# 16 Acre Shopping Center Help needed



## J HIsch (Nov 13, 2003)

Okay, we have 4 plow trucks and 2 sub contractors with backhoes. I supply a 12" pusher box to one. I know on average we can clear 1.1 acres per hr per truck on a 2-4 inch snowfall. I put my bid in at 8 hours to clear it. with 3-5 pieces on the property at a time. Question I have for a seasoned vetern is I started my per push price at 3600.00 and 1850.00 on salting. Does this seem to be in the ballpark? This is a open shopping center


----------



## DugHD (Nov 1, 2005)

wow , 16 acres!

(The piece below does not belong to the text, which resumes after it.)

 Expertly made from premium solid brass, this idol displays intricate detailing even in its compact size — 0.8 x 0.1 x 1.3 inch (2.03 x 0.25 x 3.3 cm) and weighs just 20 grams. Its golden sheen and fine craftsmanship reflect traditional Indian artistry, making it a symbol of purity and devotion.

That must be mall of america.


----------



## MickiRig1 (Dec 5, 2003)

_Price wise I would not even know_.
But be care full with this bid, make sure it's all spelled out. You would have huge amounts of snow to move around and pile away from traffic areas. Back hoes with one box may not do the trick. Big snows quickly slow down the trucks ability to move snow and add to the volume to be piled. You may have to remove snow too. Another cost, loader, dump truck's & employee time!
Most big malls around me use loaders with push boxes. they make HUGE MOUNTAINS of snow about every 150 yards. 
( Then you see some idiot new to 4X4 that tries to climb them and breaks thru and gets stuck )
One even uses 6 X 6 cement mixers with huge highway plows to clear vast unobstructed areas of parking. They can pile it away from everything so they get away with it.


----------